**Assigned task**
Leaving the pictures aside, restate all of the data exactly.
____ Recorded data
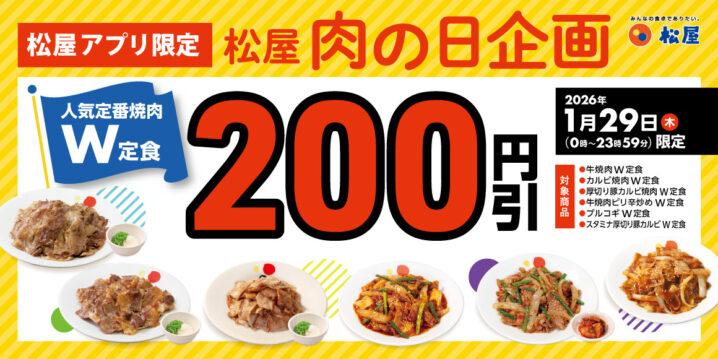 松屋は2026年1月29日限定で、「肉の日」を記念して定番焼肉定食のWサイズを200円引きにて販売します。
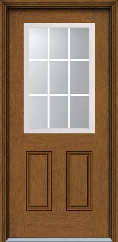 80" 1/2 Lite, 9 Lite GBG 2 Panel Colonial Woodgrain Fiberglass Single Door, WBD Impact
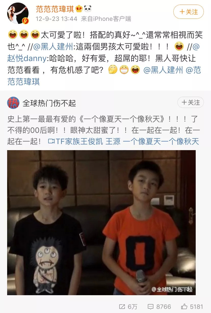 范玮琪转发王源和王俊凯的翻唱视频
________
**Solution to the problem**
 松屋は2026年1月29日限定で、「肉の日」を記念して定番焼肉定食のWサイズを200円引きにて販売します。
 80" 1/2 Lite, 9 Lite GBG 2 Panel Colonial Woodgrain Fiberglass Single Door, WBD Impact
 范玮琪转发王源和王俊凯的翻唱视频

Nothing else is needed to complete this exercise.